## What is expected
Without including any pictures, reproduce all the lines below word for word.

## The data
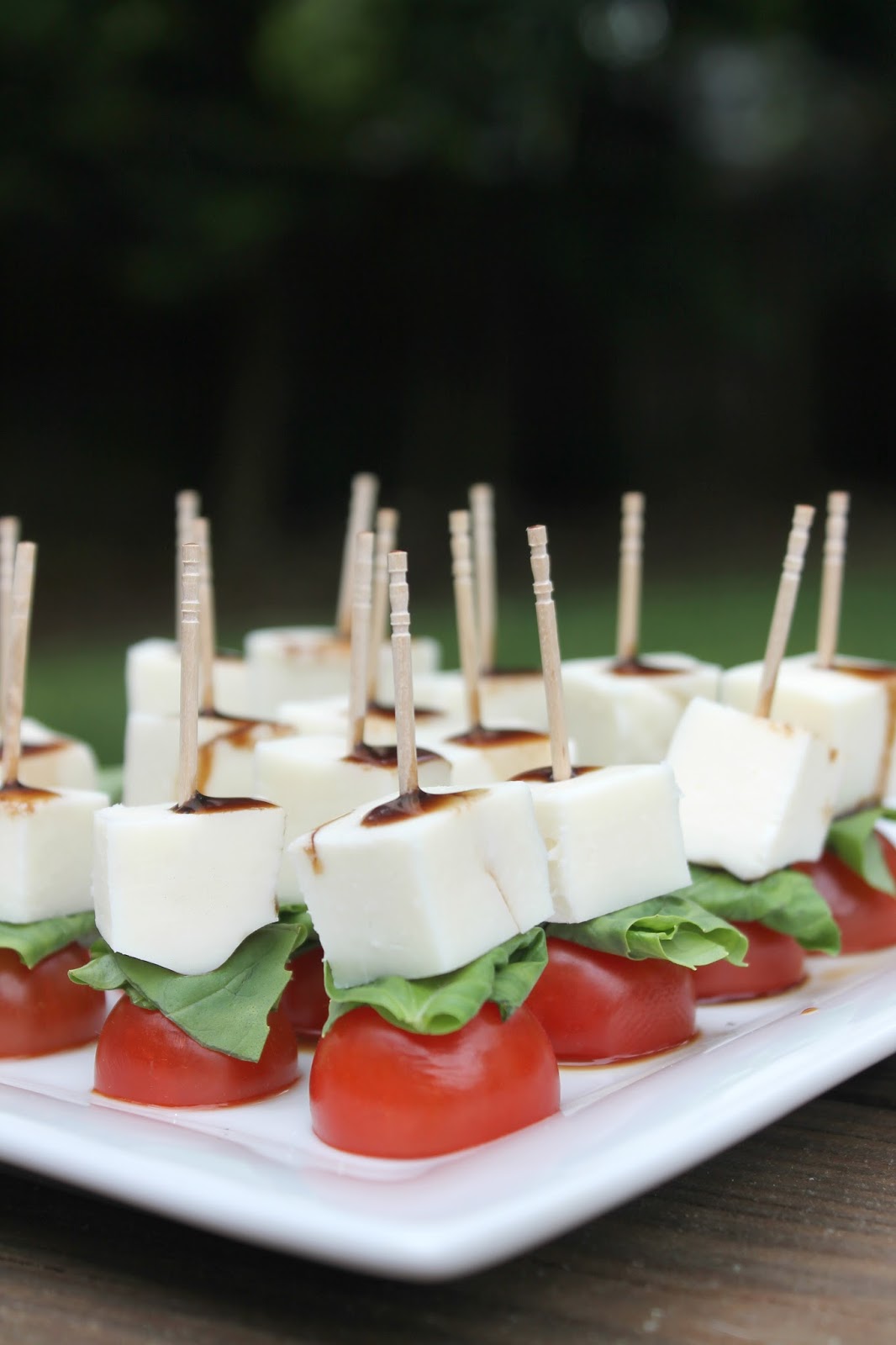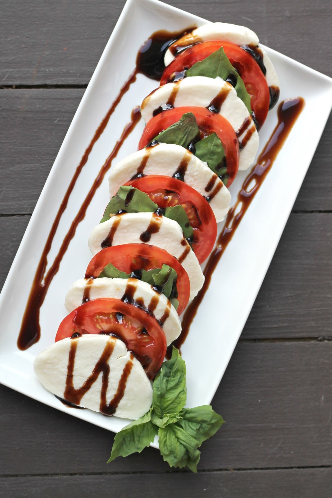 Caprese Salad: On a plate alternate sliced tomatoes, thick sliced mozzarella cheese and basil leaves. Drizzle with balsalmic glaze. Enjoy!
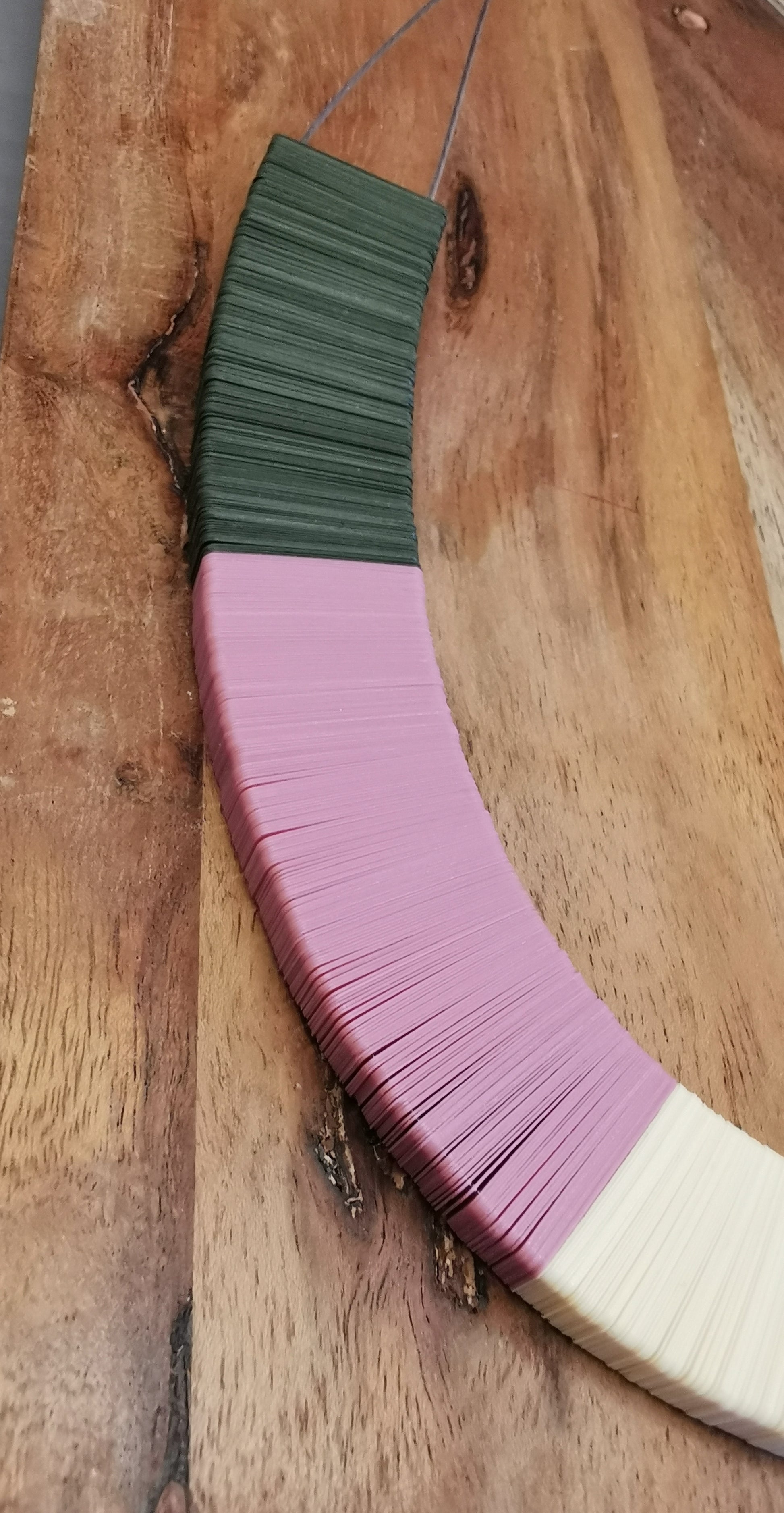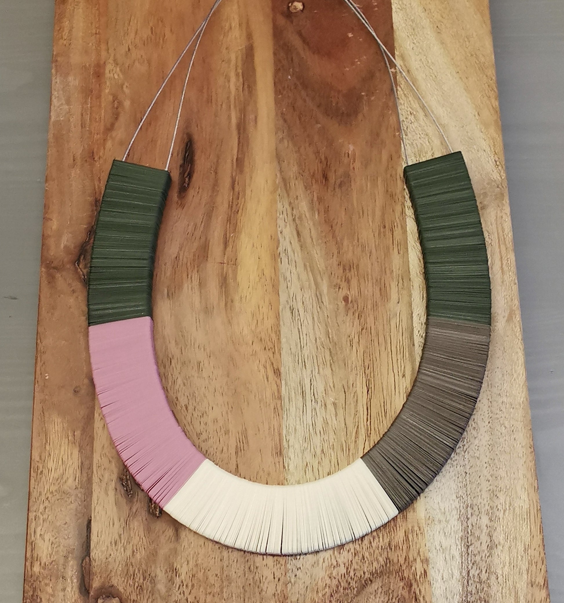 Com uma combinação de verde musgo, rosa claro, off-white e fendi , o colar Joana é uma peça para usar num look de trabalho ou num visual minimalista.
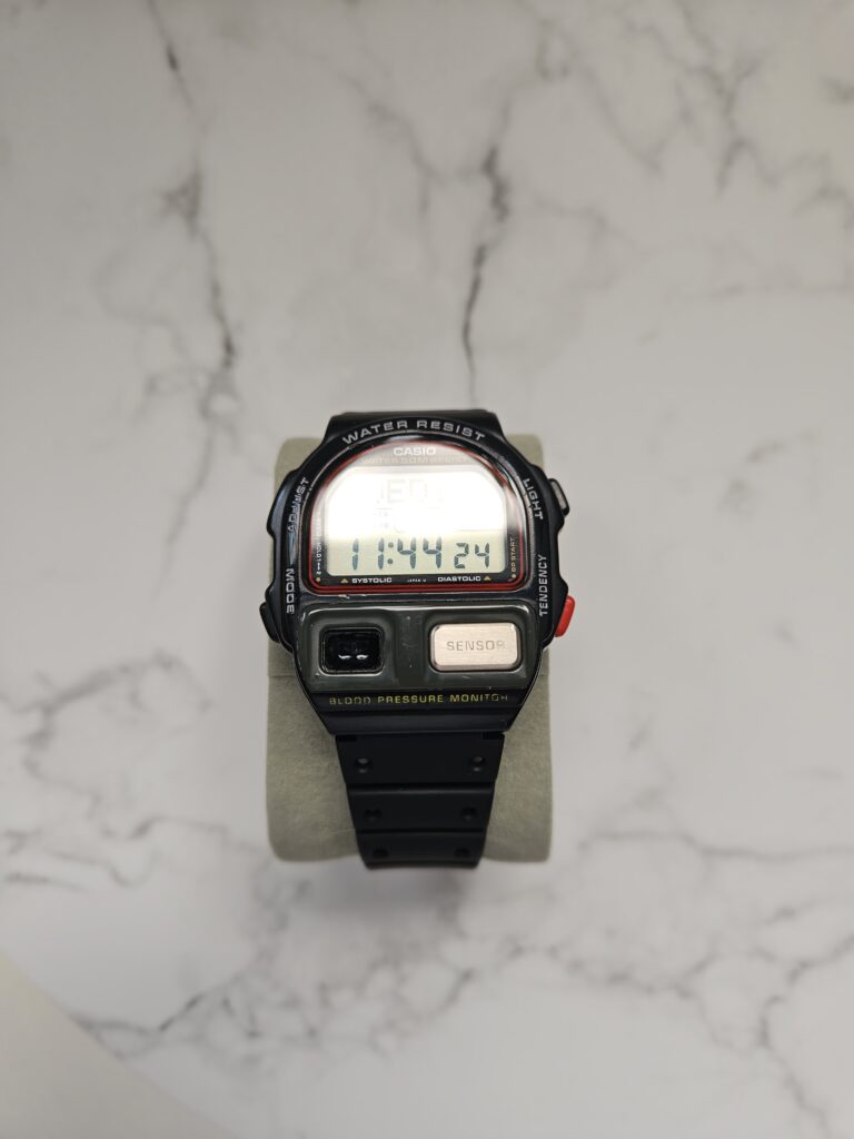 The Casio BP-100 came out in the early 1990s and was one of Casio’s boldest health-focused watches. It used small metal sensors on the front and caseback to let the wearer check blood pressure and pulse. For its time, it was a very ambitious design and quickly became a talking piece among collectors.

## Output of the task
 Caprese Salad: On a plate alternate sliced tomatoes, thick sliced mozzarella cheese and basil leaves. Drizzle with balsalmic glaze. Enjoy!
 Com uma combinação de verde musgo, rosa claro, off-white e fendi , o colar Joana é uma peça para usar num look de trabalho ou num visual minimalista.
 The Casio BP-100 came out in the early 1990s and was one of Casio’s boldest health-focused watches. It used small metal sensors on the front and caseback to let the wearer check blood pressure and pulse. For its time, it was a very ambitious design and quickly became a talking piece among collectors.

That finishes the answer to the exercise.